Bug 224362 - 'mutex is on list' assertion failed on pthread_mutex_lock/pthread_mutex_unlock (up to FreeBSD 10.x)
Summary: 'mutex is on list' assertion failed on pthread_mutex_lock/pthread_mutex_unloc...
Status: Closed FIXED
Alias: None
Product: Base System
Classification: Unclassified
Component: threads (show other bugs)
Version: 9.2-RELEASE
Hardware: amd64 Any
: --- Affects Some People
Assignee: freebsd-threads (Nobody)
URL:
Keywords: patch
Depends on:
Blocks:
 
Reported: 2017-12-15 09:36 UTC by Andrey Sploshnov
Modified: 2019-09-03 23:25 UTC (History)
3 users (show)

See Also:


Attachments
Patch for libthr (2.38 KB, patch)
2017-12-15 09:36 UTC, Andrey Sploshnov
no flags Details | Diff

Note You need to log in before you can comment on or make changes to this bug.
Description Andrey Sploshnov 2017-12-15 09:36:52 UTC
Created attachment 188857 [details]
Patch for libthr

I've got spontaneous core dumps on extensive mutex operations. There are many threads and locks in my application.
And I quite sure that locking/unlocking logic is corrent - it's performing well on other thread implementations (like NTPL on Linux).
But it is terminated by the assertion on FreeBSD after work for a long time (from 4 up to 8 hours):
Abort trap (6) with "Fatal error 'mutex is on list'

Backtrace looks like this:
Program terminated with signal SIGABRT, Aborted.
(gdb) bt
#0  0x000000080161cd2a in thr_kill () from /lib/libc.so.7
#1  0x000000080161cc96 in raise () from /lib/libc.so.7
#2  0x000000080161b489 in abort () from /lib/libc.so.7
#3  0x000000080109e63a in ?? () from /lib/libthr.so.3
#4  0x0000000801099e66 in ?? () from /lib/libthr.so.3
#5  0x000000080242d301 in Lock (this=0x80387ad90)

(gdb) p *(struct pthread_mutex*) 0x80ff60c40
$4 = {m_lock = {m_owner = 100925, m_flags = 0, m_ceilings = {0, 0}, m_spare = {0, 0, 0, 0}}, m_flags = 2, m_owner = 0x8038cc400, m_count = 0, m_spinloops = 0, m_yieldloops = 0, m_qe = {tqe_next = 0x0, tqe_prev = 0x0}}

"Lock" function is the last call from my application - it performs pthread_mutex_lock() call.
In this case it just locks the mutex which was created some time before in the same thread.

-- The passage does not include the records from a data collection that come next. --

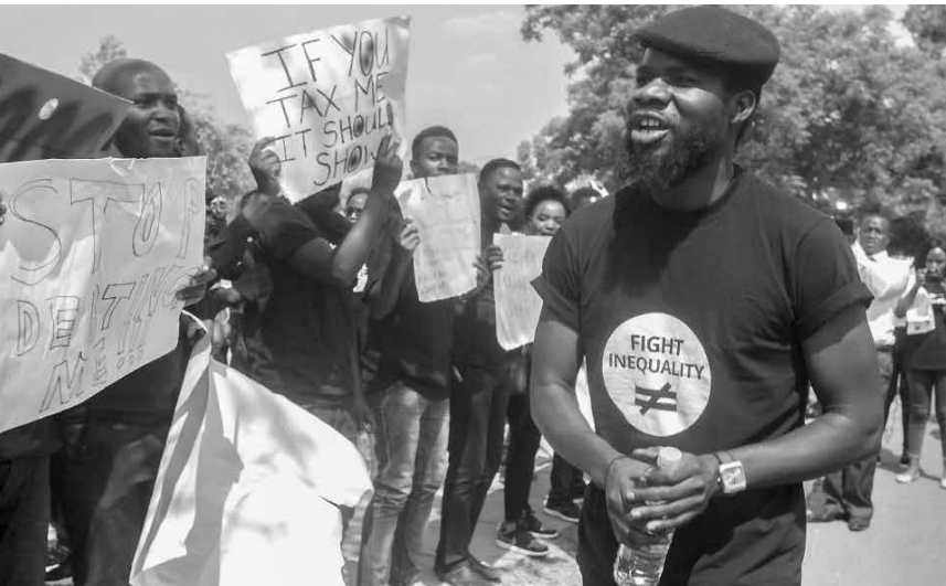
Demonstration während der Rede der Finanzministerin zum Budget, 28. September 2018, Lusaka.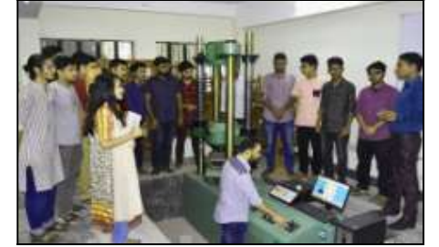
সলিড মেকানিক্স ল্যাব (আইপিই)

'এফডিএই' বিভাগের জন্য রয়েছে অত্যাধুনিক মেশিনারি ও সর্বাধুনিক প্রযুক্তি সমৃদ্ধ 'স্টেট অফ দ্য আর্ট' মানের ডিজাইন স্টুডিও এবং অন্যান্য ল্যাবের মধ্যে রয়েছে ড্রয়িং এন্ড কালার ল্যাব ও প্যাটার্ন ল্যাব। নিটারে পরিচালিত বিএসসি ইন এফডিএই প্রোগ্রামটি যেহেতু Textile ও Fashion Design বিষয়ের সমন্বিত একটি প্রোগ্রাম। তাই এই বিভাগের ছাত্র-ছাত্রীগণের Fashion Designing এর পাশাপাশি R&D, Fabric Styler, Merchandising সহ বিভিন্ন টেক্সটাইল ইন্ডাস্ট্রিতে চাকুরীর সুযোগ রয়েছে।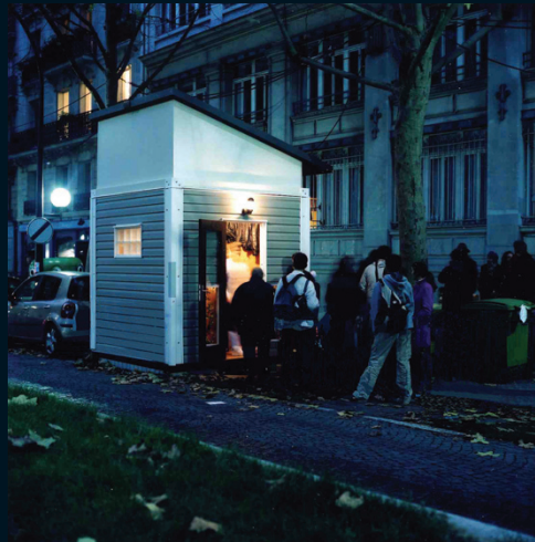
N° 3 VILLE ET FICTION – CHRONOCLUB , GROUPE ICI-MÊME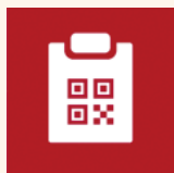
↑ 新型コロナワクチン接種証明書アプリ

★ 新型コロナワクチンの接種証明書 がデジタル化され、スマートフォンアプリで発行、確認できます。 *申請にあたってはマイナンバーカードが必要です。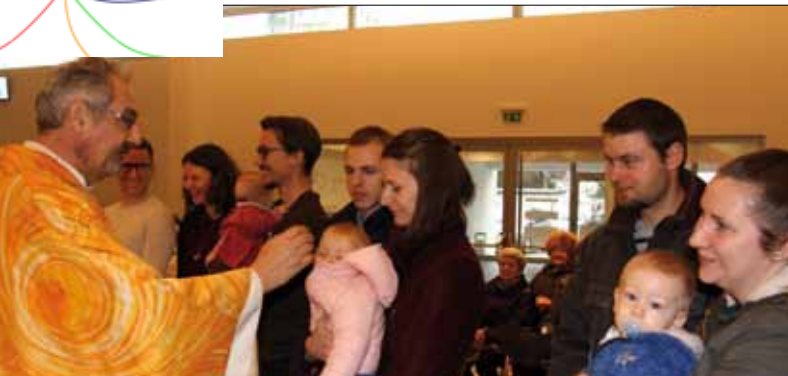
Taufkindersegnen des Pfarrverbandes in der Pfarre St. Johannes Kapistran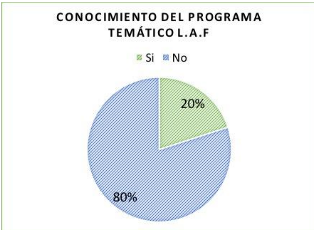
Gráfica 4. Conocimientos del plan temático LAF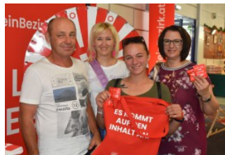
Beim Stand der RegionalMedien konnten die Besucher gewinnen.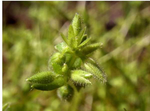
Abb. 2: Stellaria pallida – Bleiche Vogelmiere.

Weiter ging es über die beeindruckende Schleuse auf die gegenüberliegende Seite des Rhein-Herne-Kanals, an dessen Wegrändern und Ufern weiter erklärt, bestimmt und rege diskutiert wurde. Neben weiteren Frühblühern wie Storchschnabel-Arten ( Geranium spp.) wurden erste Wiesengräser gesichtet, die sich weitgehend noch im vegetativen Zustand befanden, sowie einige verwilderte Gartenpflanzen wie das Hasenglöckchen ( Hyacinthoides non-scripta ) gefunden.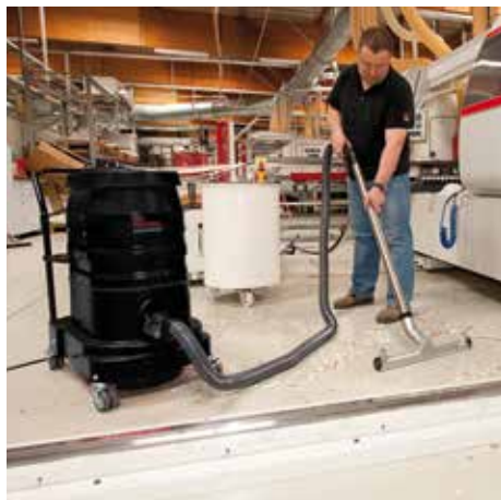
R01 A, L porosztály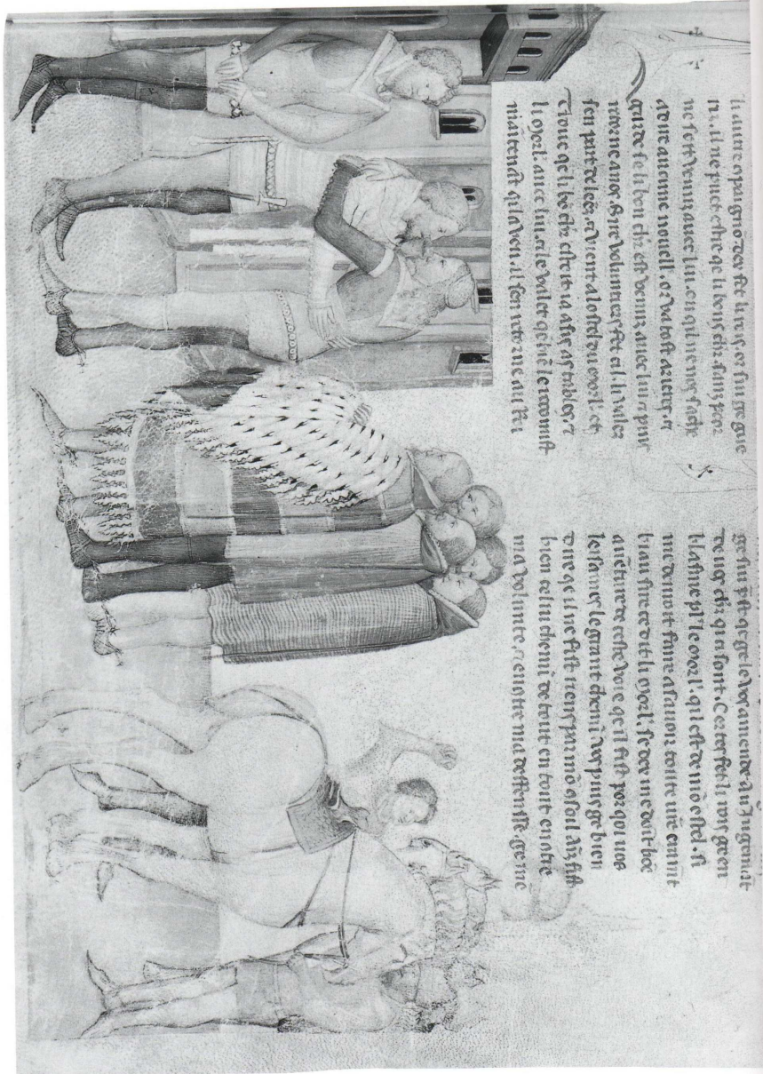
BnF fr. 5243, fol. 50 r° (image 67)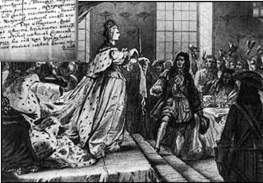
Гравюра. Анна Иоанновна разрывает кондиции.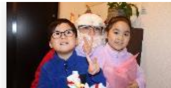
従業員宅にサンタさん訪問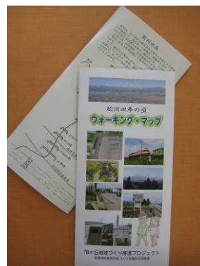
ウォーキングマップ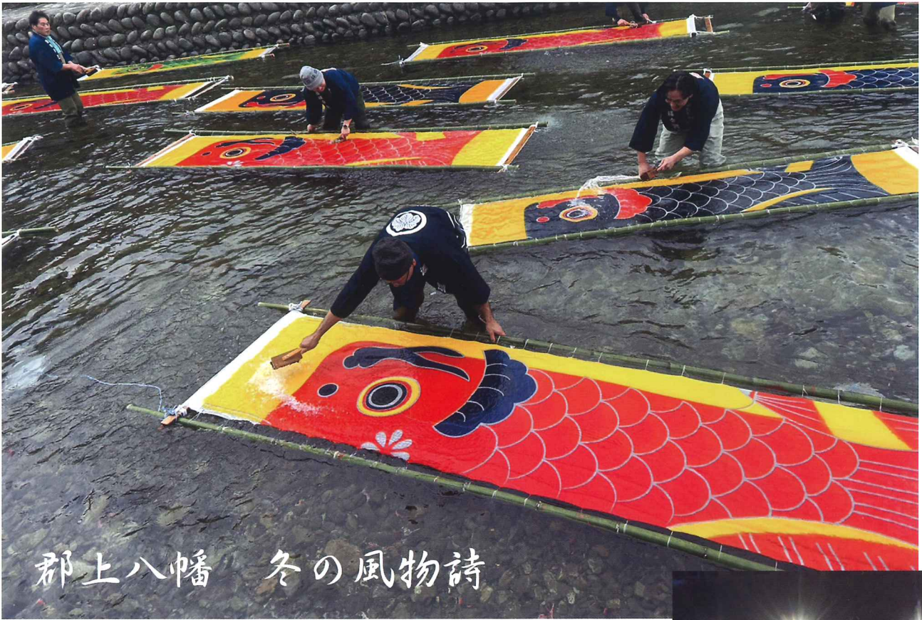
郡上八幡 冬の風物詩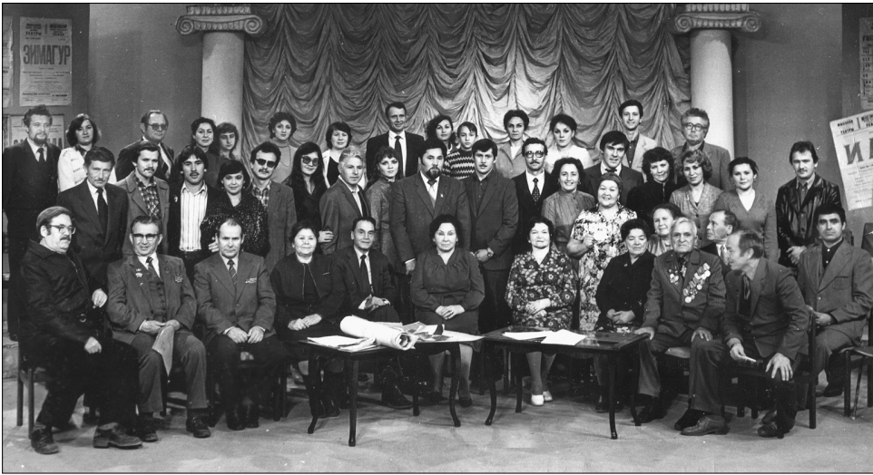
Театрның 50 еллыгы уңаеннан телетапшыруга чакырылган кунаклар һәм театр коллективы. 1985 ел.

Sometimes the assertion looks like 'mutex is not on list'

It looks like for me that libthr library supports a list of acquired mutexes for each thread. And there are checks
before locking/unlocking that get failed for unknown reason.

I've have a patch for libthr check's logic. The only effect is that some more time is required before assertion failed again.
Comment 1 Konstantin Belousov freebsd_committer 2017-12-15 22:12:31 UTC
(In reply to Andrey Sploshnov from comment #0)
Do you really complain about 9.2 release, as indicated in the bug's metadata ?  Reproduce the problem on HEAD or 11.1.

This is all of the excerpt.